The beer was intense. Much too intense for a 1:00 game, even at only six percent alcohol. It differed from last season's first offering in that it was overtly aged in whiskey barrels, whereas the earlier version was closer to the smooth, smoky dinner pairing. I appreciated it as (likely) unique from anything else I'll try in the coming months and I liked the idea of starting the 2012 season, number three in your beer-and-football series, similar to how I did the 2011 season but with a twist. Perhaps the twist at the end of this season will be a Super Bowl victory instead of a loss. Perhaps.

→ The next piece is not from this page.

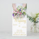 Hochzeitseinladung - Braut mit bunten Hochzeitsbukett von Rose. Name, Ort und Datum können in der Vorlage angepasst werden. Foto Beatriz Perez Moya

Last and certainly not least, check out my year-old little G. How she grows! She's in the middle of an exhaustive frenzy here, brought on by repeatedly nosediving into a pillow and assaulting her stuffed lamb April, named after the month we gave it to her. (We struggle creatively with names for the characters scattered about her room, so say Miss Kitty, Squeaky Guy and Harold.) As you can see, her fourth tooth is really coming on. And look at the curls! Those things could cure cancer. (Too bad she couldn't save Deion Branch. Yet.)

Up next: It's the home opener. Did you know the state of Arizona actually has a sizable cardinal population? I mean the bird, not the inept football player. Cheers!